**Task description:** Write out, with no changes, every line starting at the one that contains "- Paired with" and ending at the last line of the data below. Leave pictures out.

(Data shown)

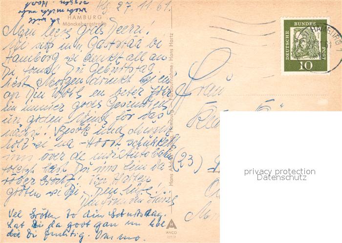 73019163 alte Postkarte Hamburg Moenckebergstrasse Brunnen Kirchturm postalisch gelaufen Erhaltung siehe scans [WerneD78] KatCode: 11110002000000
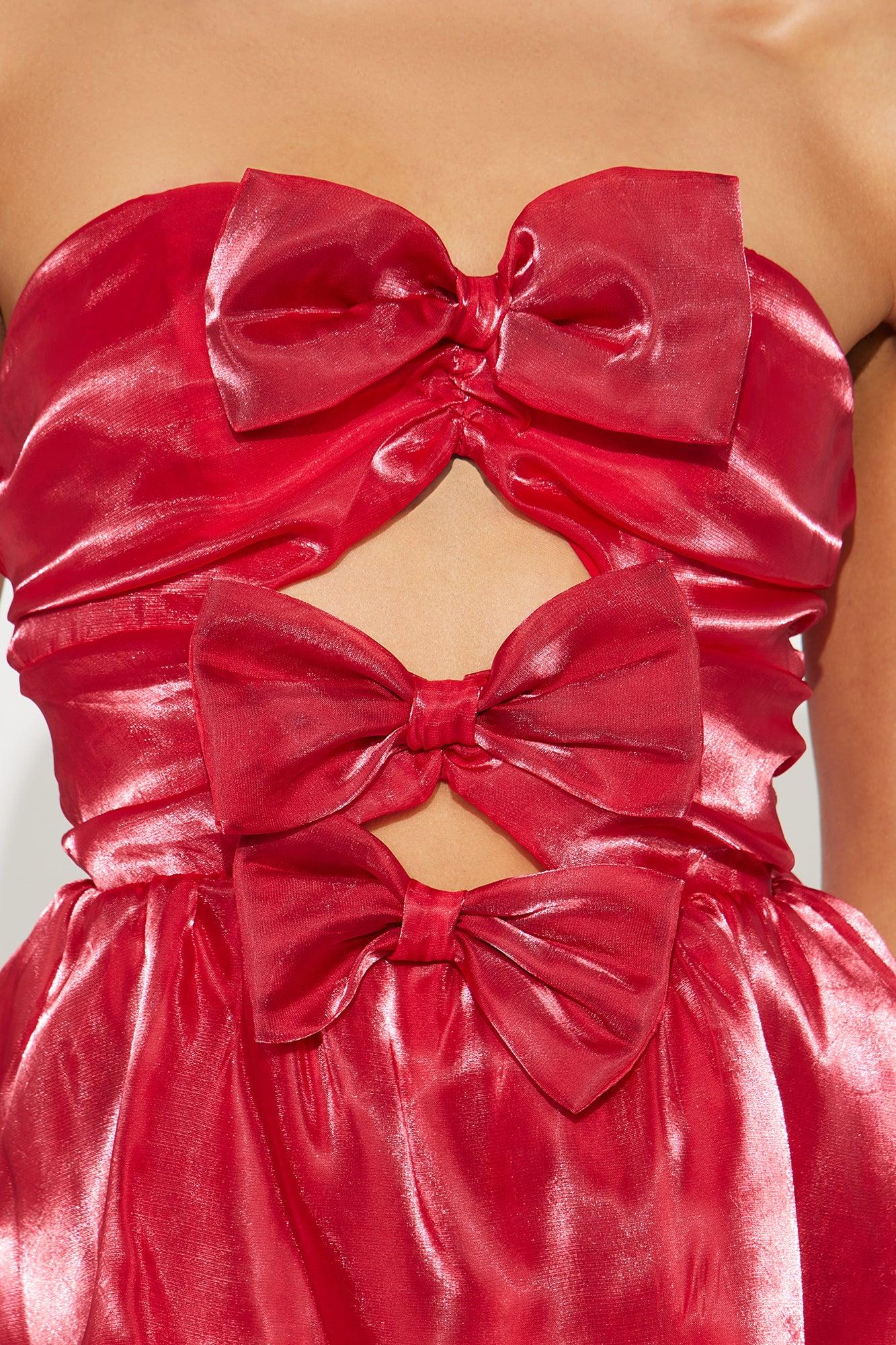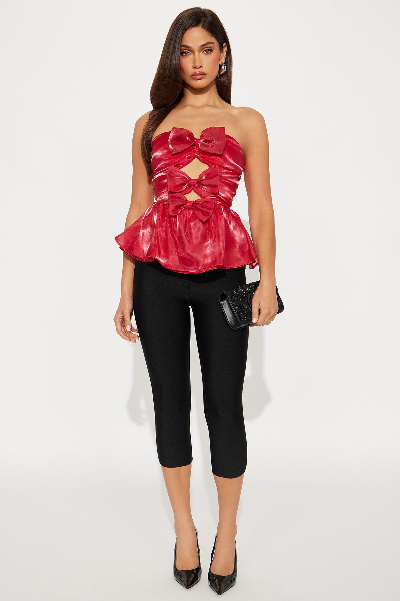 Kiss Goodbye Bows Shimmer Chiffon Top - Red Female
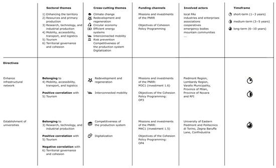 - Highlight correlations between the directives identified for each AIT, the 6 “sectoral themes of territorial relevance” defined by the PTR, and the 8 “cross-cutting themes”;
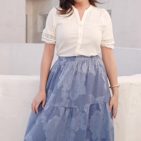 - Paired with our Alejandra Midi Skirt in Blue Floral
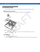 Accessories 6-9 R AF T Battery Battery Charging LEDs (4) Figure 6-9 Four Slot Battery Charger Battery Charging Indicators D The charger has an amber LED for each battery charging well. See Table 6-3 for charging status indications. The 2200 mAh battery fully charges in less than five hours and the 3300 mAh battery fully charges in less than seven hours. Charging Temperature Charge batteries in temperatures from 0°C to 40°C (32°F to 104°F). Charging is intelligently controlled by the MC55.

(End Data shown)

**Solution:**
 - Paired with our Alejandra Midi Skirt in Blue Floral
 Accessories 6-9 R AF T Battery Battery Charging LEDs (4) Figure 6-9 Four Slot Battery Charger Battery Charging Indicators D The charger has an amber LED for each battery charging well. See Table 6-3 for charging status indications. The 2200 mAh battery fully charges in less than five hours and the 3300 mAh battery fully charges in less than seven hours. Charging Temperature Charge batteries in temperatures from 0°C to 40°C (32°F to 104°F). Charging is intelligently controlled by the MC55.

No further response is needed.